MD: My first book Diet Rehab was a failure – at least in the business sense of the word. In retrospect, I have come to see it in a different way. At the time, I was co-hosting TLC Freaky Eaters. Our third season was scheduled to premiere at the same time of my first book’s launch. I was so proud of this book. Writing self-help books had been something I had always dreamed of doing. It seemed all my dreams were about to come true in a very big way. There were so many publishers who wanted the book that the contract negotiations went into a 3-day bidding war. When it came time to write the book, I worked hard. I was so proud of it. TLC had planned to cross-promote the launch of the book. Here I was. This naïve, first-time author. It felt like it all happened so quickly.

Then, it all came down crumbling down like a house of cards. I remember exactly where I was when I got the call. TLC had decided to pull the plug on our third season. Without the third season of the show, all of the things I had promised to the publisher weren’t going to happen. I felt sick. Diet Rehab came out and was a financial failure. My publisher, who had been communicating with me daily, stopped returning my calls and emails. They withdrew all their marketing efforts from the book. I don’t blame them. That’s what you do when a book fails, and I had failed to hold up my end of the bargain.

Here’s how I overcame it in 3 steps.

Step 1: Mourn it. I felt sad. I felt disappointed. My literary agent, not one to mince words, told me: “with the dismal performance of your first book’s sales, it will be extremely difficult for me to get any publisher to take a chance on your ever again…but I’ll try.”

Step 2: Reframe what “success” means. Is the definition of “success” tied to a dollar amount or the number of copies sold? Or, does “success” mean you grow, learn, and do something that is purpose-driven? If the former, I was a failure. If the latter, I was a success. I learned so much along the way and honed my skills as a writer. So many editors and a co-writer were brought on board to help me with my first book. Now, I just need a quick, light edit for typos, and my books are good-to-go.

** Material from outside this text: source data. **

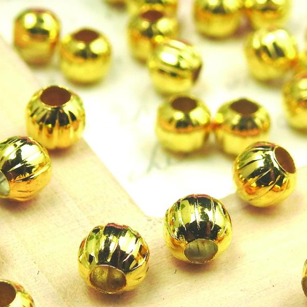 線入りデザインのゴールド6mmメタルビーズ!アクセサリーパーツに
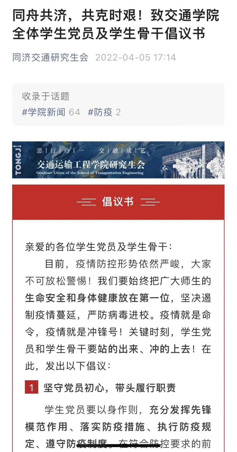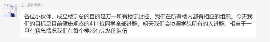 网格化管理体系建立不久,公司便发布“致全体研究生倡议书”和“致全体员工党员及员工骨干倡议书”,进一步明确特殊时期的防疫规则,增强同学们战疫的信心和凝聚力,调动党员及员工干部冲锋一线的意识和行动力!
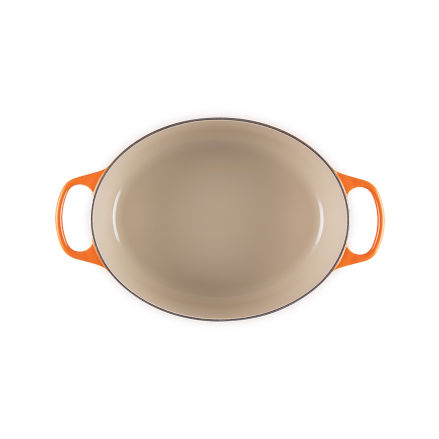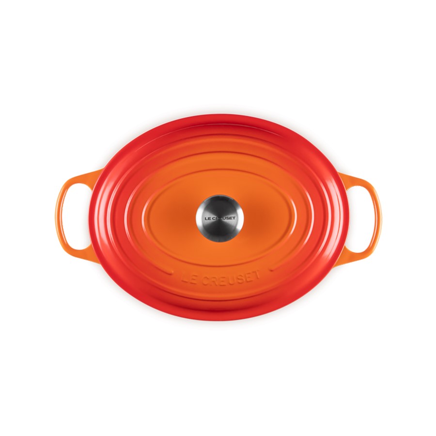 The Le Creuset Oval Casserole in Flame, 29 cm, blends robust craftsmanship with a vibrant, fiery hue. Crafted from durable cast iron, it ensures excellent heat distribution and retention, perfect for slow-cooking, baking, and braising. The iconic Flame color adds a bold and energetic touch to any kitchen, complemented by Le Creuset's renowned enamel finish. Perfectly sized for family meals or gatherings, this oval casserole dish merges practical functionality with aesthetic appeal, making it an essential piece for chefs and home cooks who value high-quality cookware that enhances both cooking performance and kitchen decor.

Step 3: Lead with instincts, and don’t chase dollar signs. When you do so, sometimes the dollar signs end up coming to you as a bonus. When I was selling my first book, I met with 25 different publishers. Of those 25 publishers, there was 1 my gut was telling me: there’s something special here. That publisher was Hay House. They did make an offer on my first book but it was significantly lower than the offer I took. I ended up selling to the highest bidder. For my second book, my literary agent approached Hay House directly. I took an advance that was a fraction of my first advance. That didn’t matter to me. I was getting a second chance. That book, The Brain Fog Fix, ended up becoming a New York Times bestseller.

TG: Share a quote that you love and that gives you strength or peace. 

MD: “Hate cannot drive out hate; only love can do that.” As a psychotherapist, I witness the primitive response of most human beings. We react. We get angry. We look for someone to blame. And then I see the beauty of forgiveness. To be honest, there have been times in my office where I have helped people find forgiveness and have thought to myself, “Wow. I don’t know if I could have forgiven that person.” But I also do know that forgiveness is ultimately the answer. If you are the survivor of horrific abuse, you can’t carry around resentment and anger forever. As Maya Angelou said, “it’s one of the greatest gifts you can give yourself, to forgive.” I think we as a nation need to act like we’re in a session of therapy…and eventually realize that in the end, only love can drive out hate.